One of the most difficult things to do in this world is for a person to explain themselves in an effective, efficient, and generous way so the listener comes away changed and realizes that there’s “something in it” for them as much as you do.
Poor communication and explanation are the seeds that germinate into war, divorce, a failed product launch, and even when good intentions can cause pain.
If you don’t understand it—your job, your book, your point—no one will.
First, there’s got to be a common thread between what you’re saying, the other person, and what you want them to understand. The sound of your voice, as charming and melodic as it is (I’m talking to you James Earl Jones); isn’t enough hold a person’s attention to listen with intent… well, unless you’re James Earl Jones.
Search for a starting point that’s going to make the person perk up their ears, whatever it is. Kelly Wilson describes what that moment was like when she had to explain something to her young son dealing with a disability. It’s brilliant, it marries the person and professional, and it’s HERE.
A) Keep it as brief as possible, B) remove the jargon, and C) give people the space to ask questions and understand on their own and in their own way.
It’s that last part “C” that’s truly the most difficult and for several reasons
1) Often when people ask questions there is something else, unsaid and affected by the person’s frame of reference, attached to the question: fear, mistrust; or even as simple as lack of vocabulary.
2) Part of what you’re doing when you’re giving people the space to ask questions and think things through—you’re also reading their body language and tone of voice for clues to help you explain yourself better or refine your message.
“I’m sensing by your tone of voice you might be skeptical.”
“I’m sensing by your arms crossed that you might be closed off to the idea.”
Then you get to ask why or go deeper on what you’re trying to expound upon. In some cases you won’t get another chance so A) you’ll learn to explain differently off the bat, or B) you can try again later in a different way, or C) you’ll learn that you need to learn more about the very thing you’re trying to explain
3) Helping people understand on their own and in their own way. This is something that people aren’t used to. If someone is in trouble or doesn’t understand, we want to fix the issue. But the problem is, we try to fix it in a way that makes sense to us, and not to the other person. You might find that it’s easier for you, for a variety of reasons to get to the highway using route A or the scenic route; but the other person might find using route B, the speedy route, is faster. Neither route is wrong for each respective person—each route leads to the highway—but give a person a route that makes little to no sense to them; and they may never get to the highway or worse, they’ll never try.
How do we give a person the space to understand on their own and in their own way? We listen both for verbal cues and for physical cues. Silence is great. People don’t often think well with a bunch of noise and demands on top of their thoughts.

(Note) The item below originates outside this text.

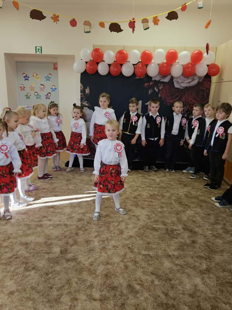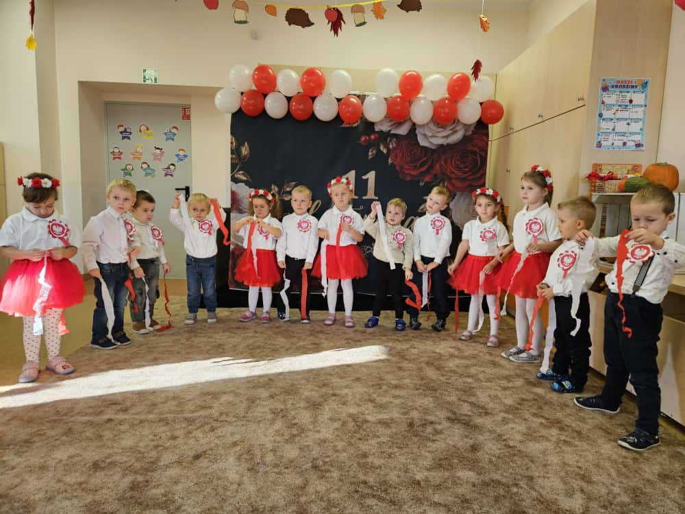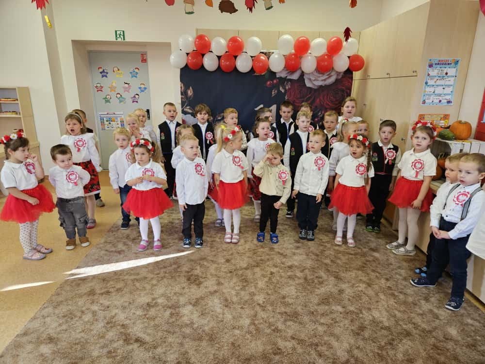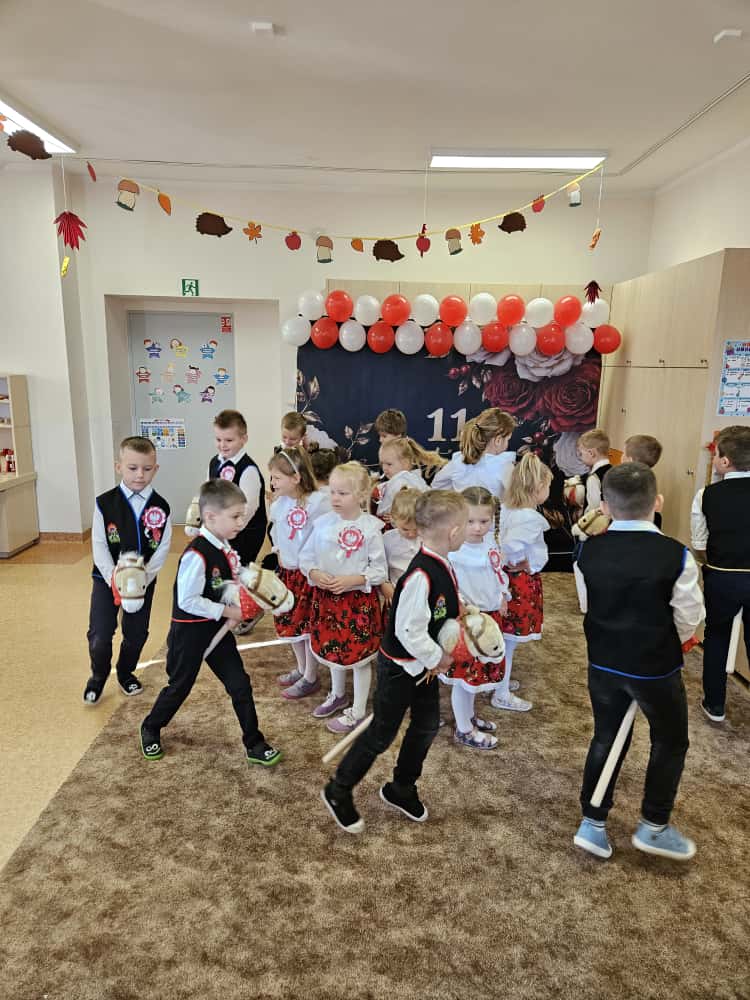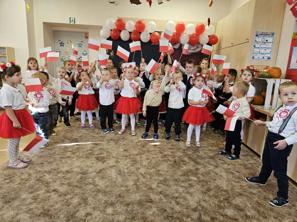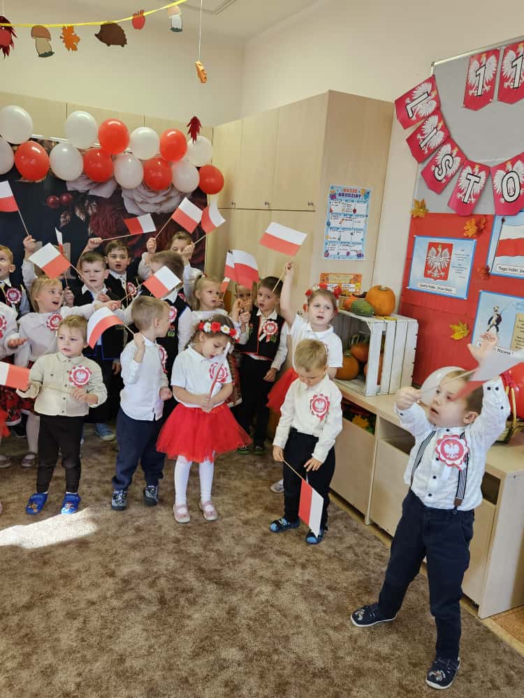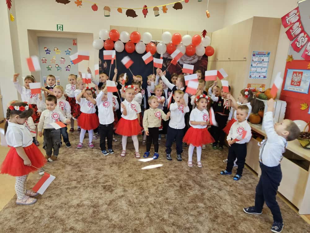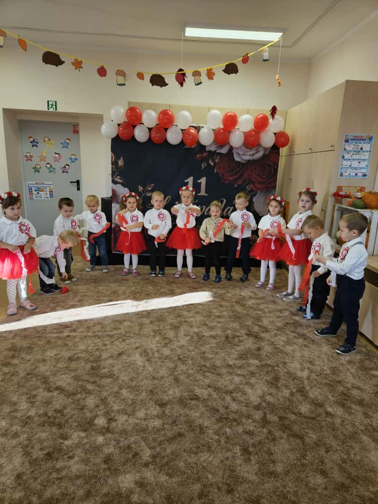 W piątek, 7 listopada, w naszym przedszkolu odbył się uroczysty apel z okazji Narodowego Święta Niepodległości. Dzieci z dumą i zaangażowaniem zaprezentowały program artystyczny upamiętniający to ważne wydarzenie w historii naszego kraju.

Asking questions is brilliant. “How can I help you understand this better?” “What part of this makes the least sense?” “Where did I lose you?”
The questions are great because you’re asking for instructions, you’re asking for permission from the other person rather than making demands (“no, you don’t get it, it’s like this” “listen to me explain it again”)—which is always a better way to approach a person.
If you want to sell that idea, make peace in the home, or help that person in crisis—try switching up or refining the way you explain yourself… but make it work for you in your own way. Take the words I wrote with a grain of salt, using the parts of it that work best for you (if any), while leaving the rest.
And yes, I’m aware of the irony that someone might read this and not understand it. And to you I ask, what part of this was difficult to understand and how can I explain it better?